Habit Tracking

Habit tracking is the practice of measuring whether you performed a habit. The simplest form: mark an X on a calendar each day you complete the habit. "Don't break the chain."


Three Benefits

  1. It's obvious — a visual record keeps the behavior salient (1st Law)
  2. It's attractive — progress feels good; the streak itself becomes motivating (2nd Law)
  3. It's satisfying — marking the X is an immediate reward after completion (4th Law)

Habit tracking is one of the few strategies that touches three of the Four Laws simultaneously.


The "Never Miss Twice" Rule

Missing one day is an accident. Missing two days is the start of a new habit. The rule: if you miss once, get back on track immediately. The first mistake is never the one that ruins you — it's the spiral of repeated misses that follows.

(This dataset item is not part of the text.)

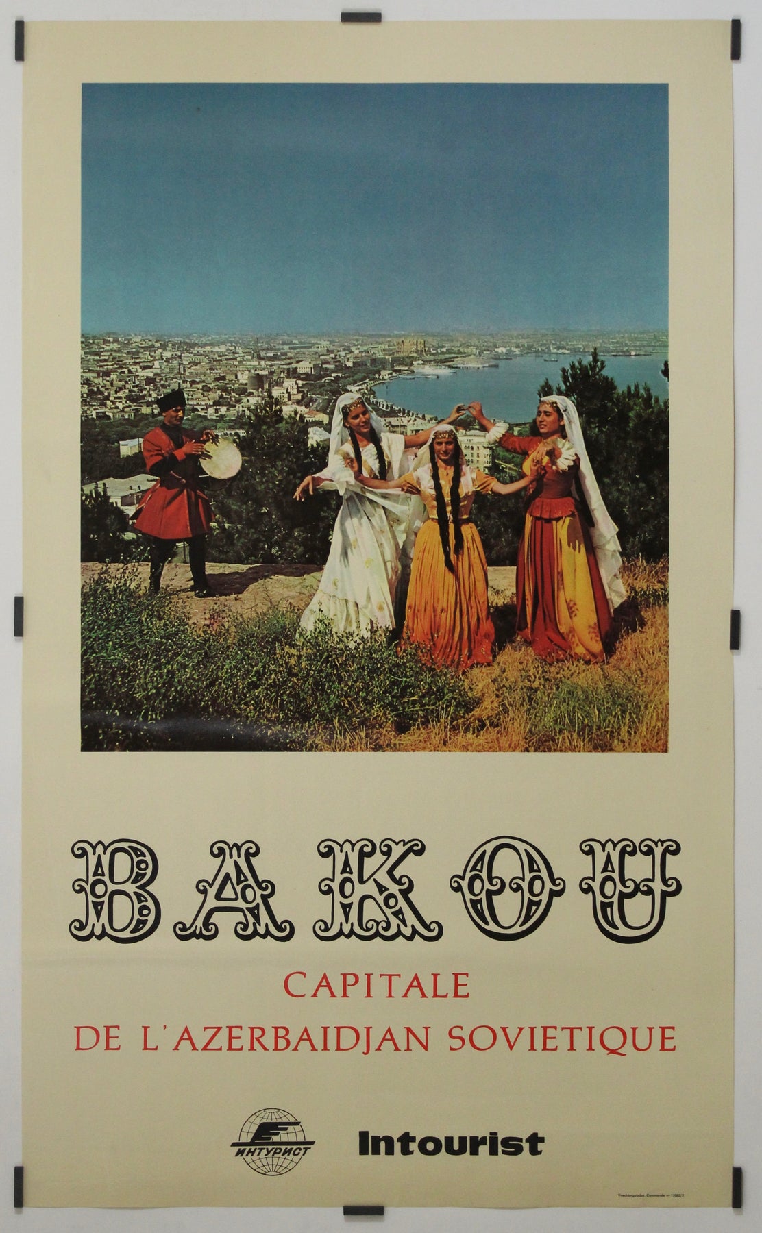 Célébrant la culture locale, la splendeur des paysages et l'unité multiculturelle soviétique, cette affiche est un témoignage historique exceptionnel d'une époque où l'URSS cherchait à présenter ses diverses républiques au monde entier. Une pièce idéale pour les collectionneurs d'objets liés au voyage soviétiques, au patrimoine azerbaïdjanais ou au design touristique du milieu du XXe siècle.

This is a form of damage control. Perfection is not the goal; consistency is.


Pitfalls

  • Tracking the wrong metric — measuring what's easy to count rather than what matters. Goodhart's Law: "When a measure becomes a target, it ceases to be a good measure."
  • Over-tracking — tracking too many habits creates overhead that kills motivation. Track only the most important ones.
  • Nonscale victories — don't let the number on the tracker override the qualitative experience. A workout you hated still counts.